- Developer: Kryštof Knesl
- Platform: Microsoft Windows
- Release: 23 October 2025
- Genre: Adventure game
- Mode: Single-player

= Radiolight =

2025 video game

Radiolight is a 2025 adventure video game by Kryštof Knesl.

==Plot==
The game is set in a fictional American town of Ashwood Creek in the 1980s. Fourteen-year-old scout Elliot Laire has gone missing in a local national park while a rescue party is searching the park. Subsequently, reports suggest that a park ranger Harvey Waters disappears in the park. Officer Ethan Collins is sent to the park to find out what happened to Harvey as others are searching for Elliot. He uses a walkie-talkie to communicate with his chief and friend Robert. He also brings an old radio he was given by his daughter Mia. Strange voices begin to be heard after he enters the park.

==Gameplay==
Radiolight is a first-person adventure game. The player controls Ethan while exploring a vast national park. He has a radio and a walkie-talkie, through which he communicates with his colleague Rob. Various frequencies can be picked up on the radio, which is necessary to progress further. The game also involves finding items that can be used in specific locations.

==Development==
Radiolight was developed by a solo developer Kryštof Knesl. Knesl started working on the game during COVID-19 pandemic. His inspirations were Firewatch and Alan Wake. Knesl noted that his vision largely changed during the development and the game he eventually made is very different from the one he started working on. Knesl released demo of the game during 2025 Steam Next Fest which helped the game to gain wider attention. The game was eventually released on 23 October 2025.

==Reception==
The demo was downloaded by over 10,000 players during the festival and wishlisted by 20,000. Demo scored 97% on Steam.

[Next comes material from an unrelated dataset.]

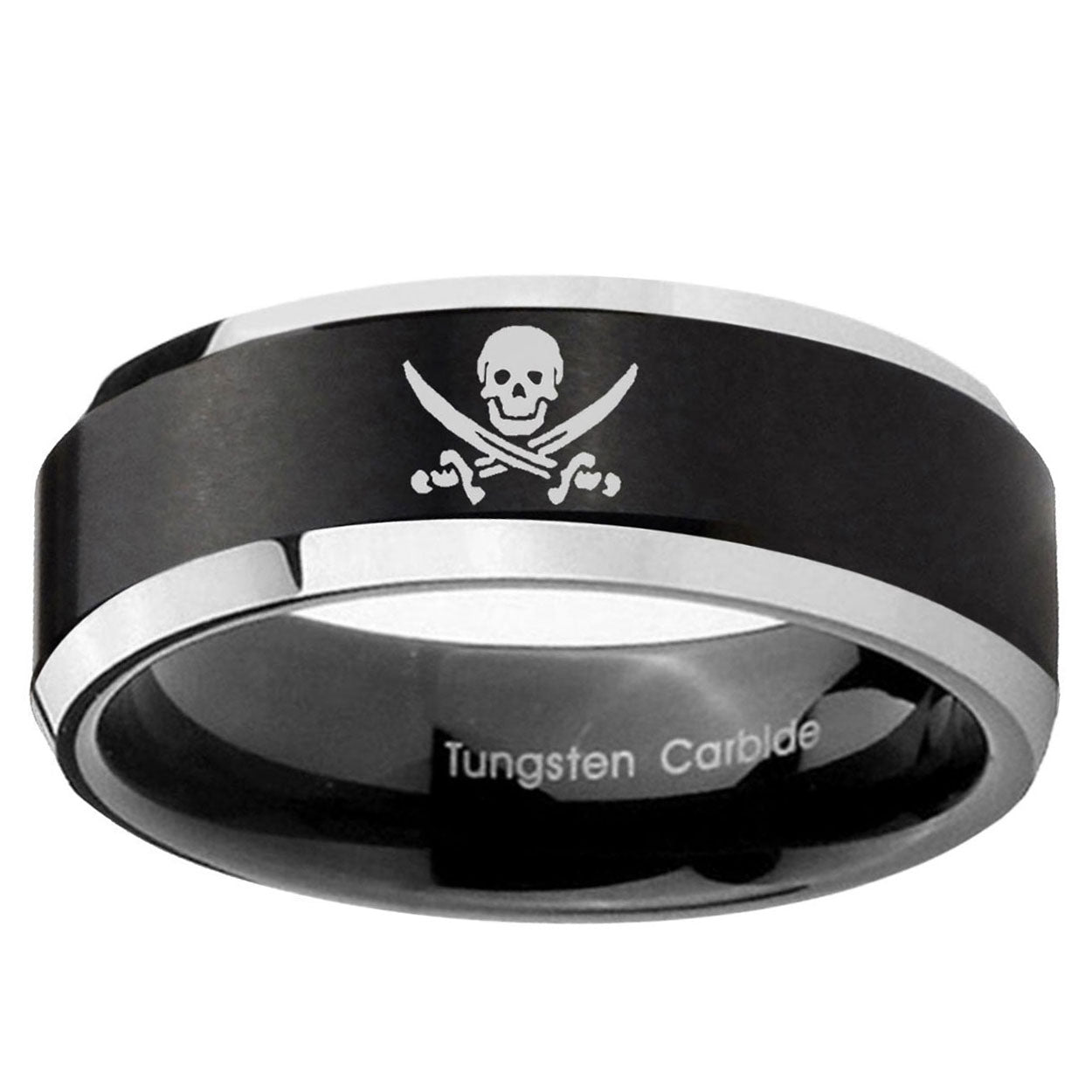 Intruding 5, 8mm Skull Pirate Beveled Edges Brush Black 2 Tone Tungsten Wedding Band Ring . Offer in both 5mm and 8mm band width brushed black plated 2 tone finished from size 4 to 14

The game was positively compared to Firewatch. Lyssa Greywood of Screen Hype gave the game 9 points of 10. She praised story and atmosphere. She also noted emotional subtlety and evocative sound stating its exceptional. On the other hand, she criticised length and limited replay value. Kim Snaith of Gamespew gave the game 7 points out of 10 calling the game a "spookier version of Firewatch". She praised tense and intriguing atmosphere, graphics and voice acting. On the other hand, she criticised bugs and stated that the story could be "tighter." Cosmin Vasile of Softpedia gave the game 85% calling it "an interesting game great for anyone who enjoys compact, creative and very engaging stories." He praised the story, jump scares and game world. On the other hand, he criticised smaller bugs and length.